The score is a ratio of read depths, where \(r_i\) is the number of reads at genomic position i and, \(w_b\) and \(w_a\) are the average number of reads in the upstream and downstream windows of size n (in the above example, \(n = 10\)). The score is therefore defined as the number of reads at position i divided by the mean of the average read counts per base in the flanking windows. This unit-less score has a direct interpretation: when the score is equal to 1, there is the same average read counts at the given position as the flanking regions, indicating this location is not of interest. Therefore, scores substantially greater than one are putative methylation sites.

Note: When \(w_b = w_a = 0\) the score is set to zero.

In this task we will write a script that implements this score.

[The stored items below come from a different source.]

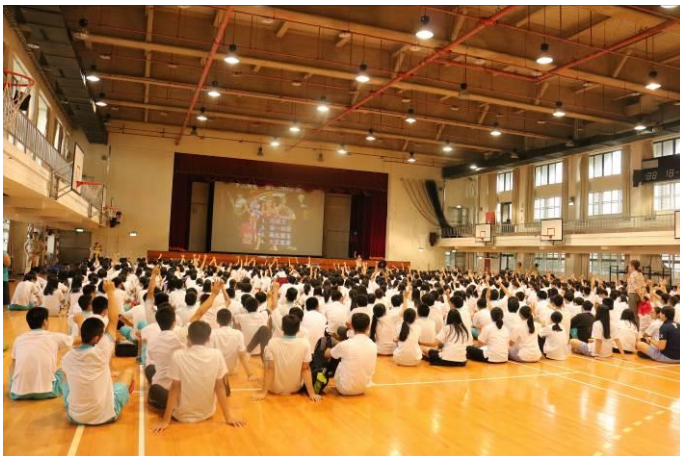
參與同學熱情回應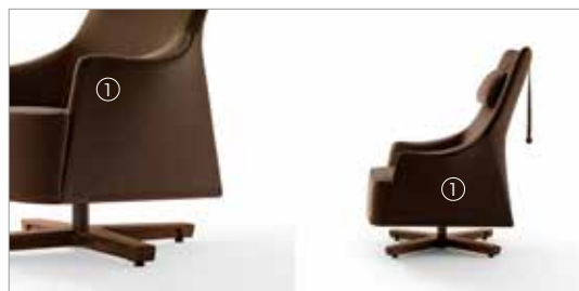
1 Mobius 63942 adamo&eva 7458/leather 9122 fin.11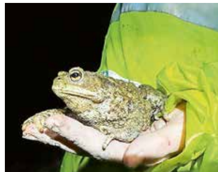
Lokacije za pomoč žabicam so objavljene na spletni strani www.pomagajmo-zabicam.si .

Mokrišča za nas in vsa živa bitja »zbirajo« pitno vodo. So med najhitreje izginjajočimi, a najpomembnejšimi ekosistemi. Vodotoki potrebujejo poplavne ravnice. Meandriranje je v naravi nižinskih rek in obraščena je tisočletja imela svoj smisel. To so bile privlačne krajine.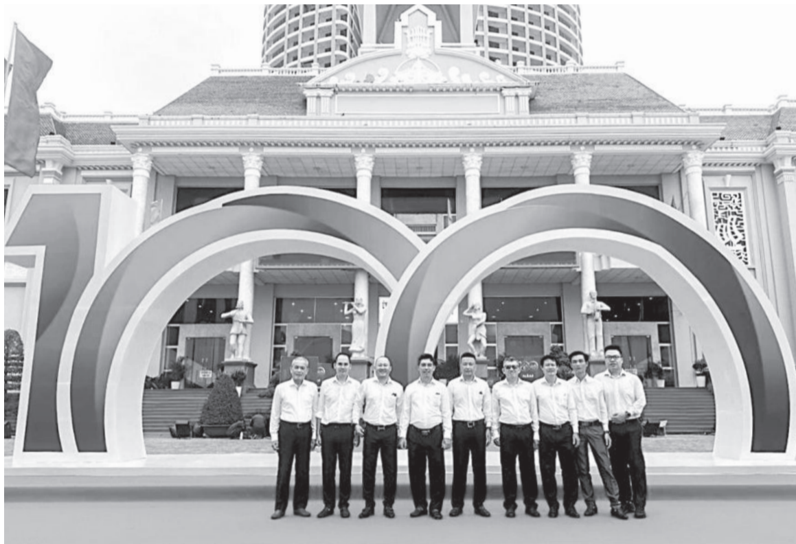
● Lãnh đạo và cán bộ Bảo Việt Khánh Hòa.

Theo lãnh đạo Bảo Việt Khánh Hòa, sau những bước đi sơ khởi, từ năm 1990 đến năm 2000, công ty bắt đầu chuyển mình cùng sự phát triển mạnh mẽ và không ngừng của toàn ngành Bảo hiểm. Môi trường kinh doanh ngày càng thông thoáng, mọi tiềm năng được khai thác, hành lang pháp lý về bảo hiểm được xây dựng. Giai đoạn từ năm 2000 đến năm 2009, tuy mức cạnh tranh trên địa bàn gay gắt và phức tạp nhưng với vị thế cùng sức mạnh nội lực của mình, Bảo Việt Khánh Hòa vẫn đứng vững, ngày càng được khách hàng tin yêu, tín nhiệm. Đến năm 2015, công ty có những bước tiến vượt bậc với doanh thu hàng năm tăng từ 15% đến hơn 20%. Bảo Việt Khánh Hòa đã khẳng định rõ nét hơn vị trí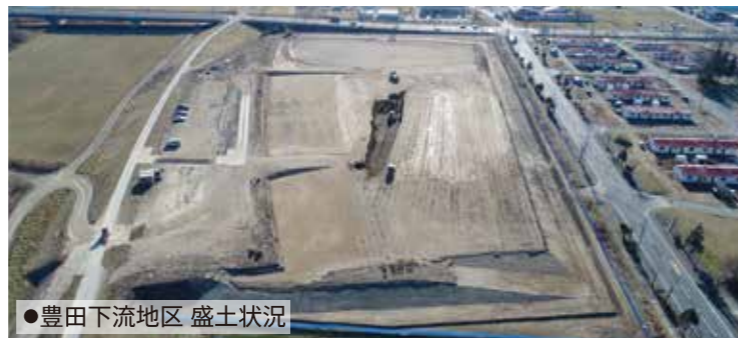
●豊田下流地区 盛土状況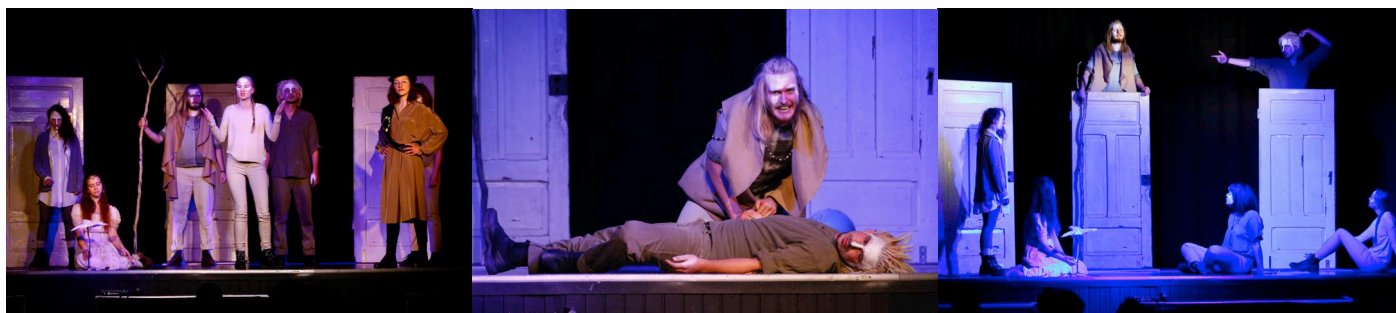
Fotos von der Premiere am 09.10.21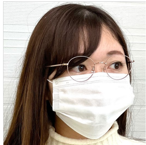
まだまだ続くマスク生活に… 細身のフレームと肌なじむカラーリングで マスク着用時もぱっと華やかな印象に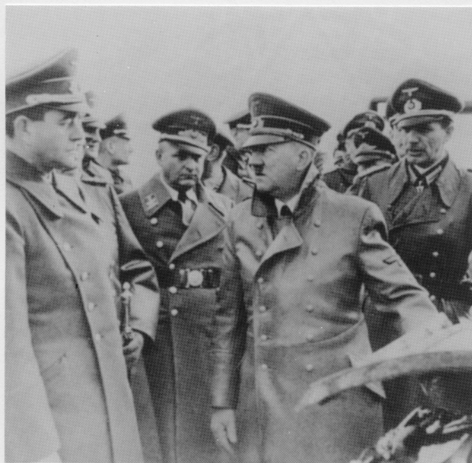
Speer bei der Vorführung neuer Waffen 1943 im Gespräch mit dem Führer und Reichskanzler. In der Mitte Karl Otto Saur, Hauptdienststellenleiter im Speer-Ministerium; ab März 1944 leitete er den Jägerstab. Im Juni 1944 war nach Amtsauflösung des Generalluftzeugmeisters Albert Speer auch die Luftrüstung unterstellt worden.

Freilich obliegt es dem Historiker, hier nachzuarbeiten,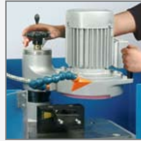
einfache Handhabung / userfriendly handling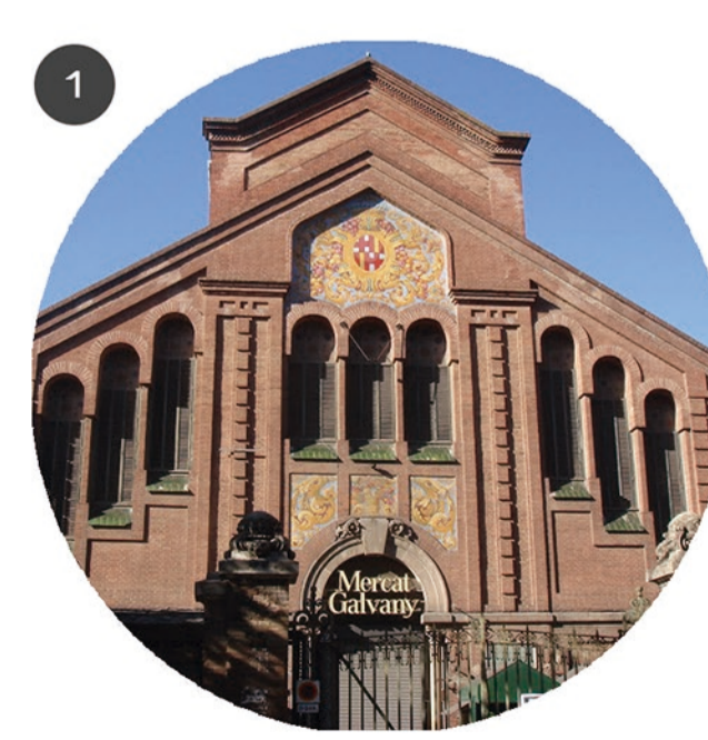
MERCAT DE GALVANY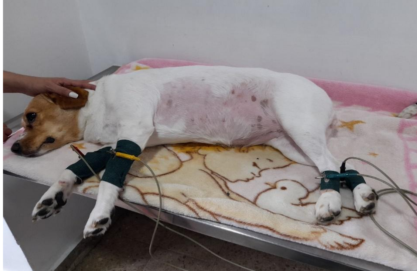
Figura 1. Paciente camino a toma de ECG, de cubito lateral derecho.

necesidad de contemplar posturas alternativas en animales con enfermedades respiratorias o cardíacas, particularmente en clínicas con alto flujo de pacientes críticos.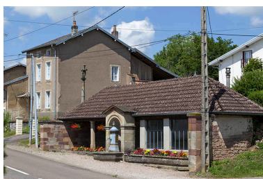
Vue d'ensemble depuis la Grande Rue. IVR43_20157001034NUC2A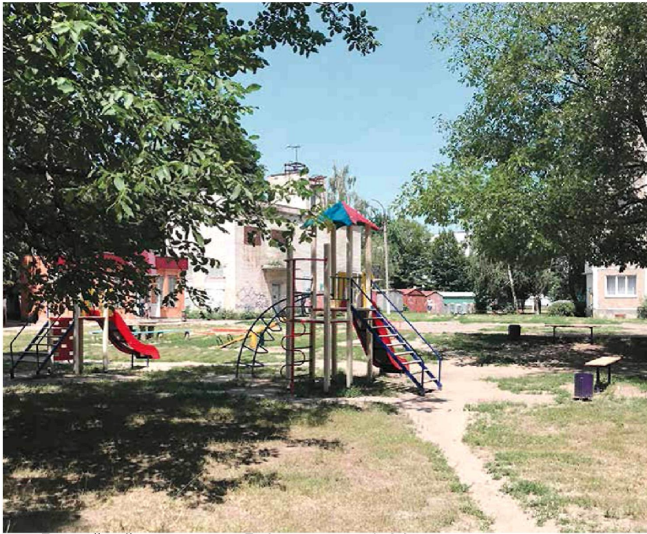
Дитячий майданчик по вул. Лобачевського у Смілі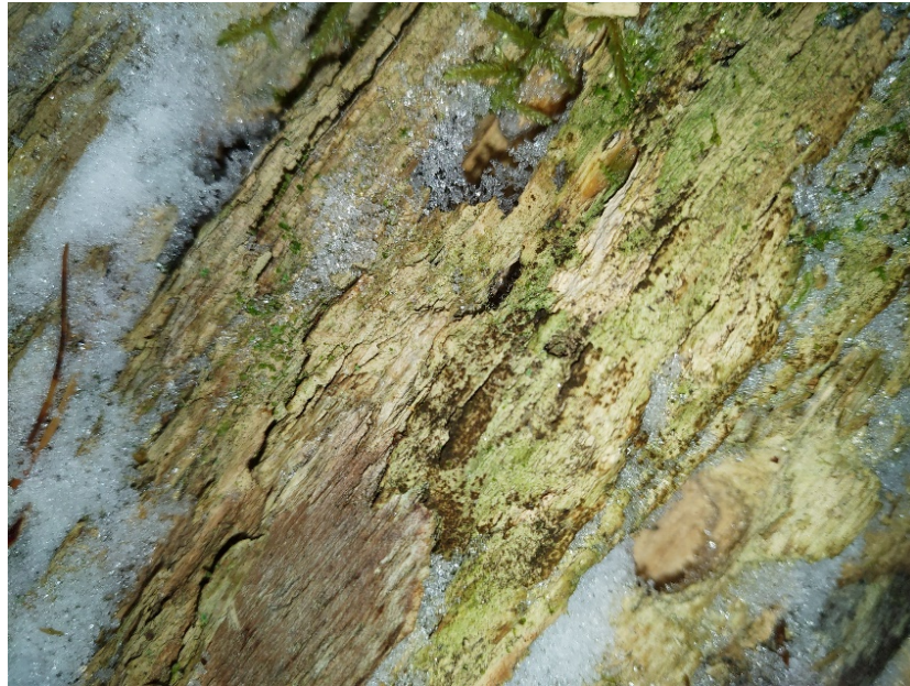
Kuva 1. Itujyväsiä lahopuun pinnalla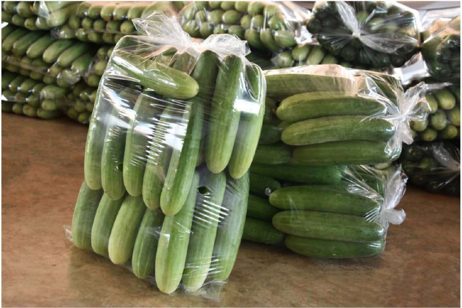
แตงร้านเบอร์เอ ผลสีเขียวเข้ม ทรงกระบอกกรอกถุงง่าย เป็นที่ต้องการของตลาด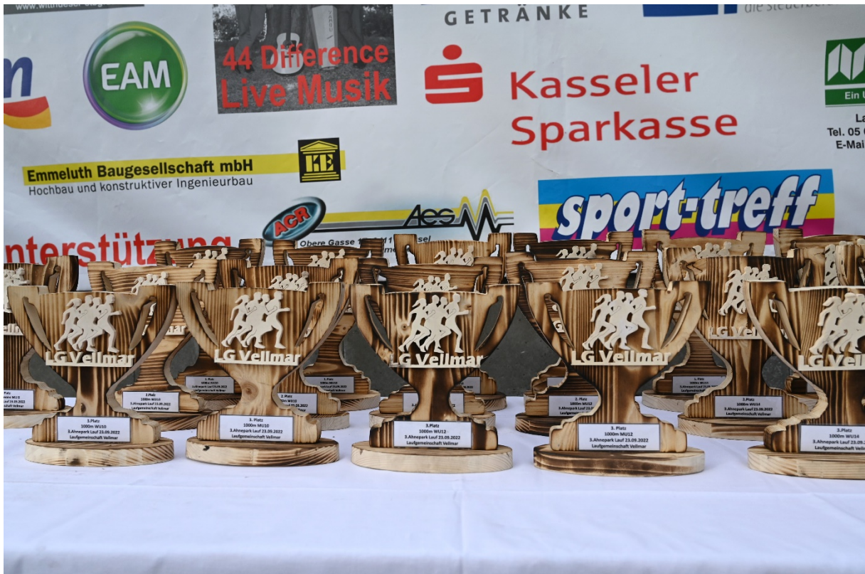
Die Pokale für die Bambinis und Schulkinder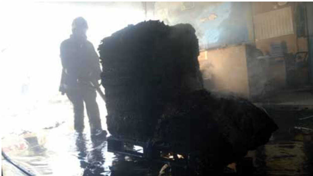
Slika 5. Izvlačenje gorivog materijala

Task - Compute the 5’ window score for every valid position in the rRNA sequences

Using whichever tool you desire, compute the enrichment score for each valid position in the rRNA sequences using the 5’ read counts. There will be slightly fewer scores than base positions (why is this?).

Write a script that accepts a file on the command line that was created by bedtools genomecov and writes out another file with the same format but with the score instead of the counts.

Generate scores for each of the aligned samples.

Plot the count and score distributions¶

Now we are interested in the distribution of counts and scores across our samples. A boxplot can be useful for this purpose.

Task - Plot the distribution of 5’ read counts and scores across all rRNAs as boxplots

Using whichever tool you desire, read in and plot the 5’ alignment count distributions for the four samples. How do we interpret this plot?

Plot the distribution of scores for each sample in a boxplot. How do these scores compare to the 5’ counts?

Challenge: plot a scatter of the read count and corresponding score for all positions in the reference. What can we interpret from this plot?

Filter and plot genomic sites¶

As we saw in the boxplots, most genomic positions have counts and scores of zero. We would therefore like to identify sites that are potentially interesting by putting filters on the data. Recall that the low dNTP condition should be enriched for true sites, and therefore locations with high scores in the high dNTP condition are likely to be false positives. We have therefore devised a set of criteria to identify interesting sites using this knowledge.

Task - Filter and plot the 5’ window scores for low vs high dNTP concentration samples

Using whichever tool you desire, filter the score positions for low and high sample conditions within the same timepoint by the following criteria:

score_low > 2
score_high > 0
score_low > score_high

Using the remaining positions, create a scatter plot of scores where the low and high dNTP concentration samples are on the x-axis and y-axis, respectively. You may put a scatter for both time points on the same plot, or on separate plots as you wish.

Do the enriched sites agree between timepoints?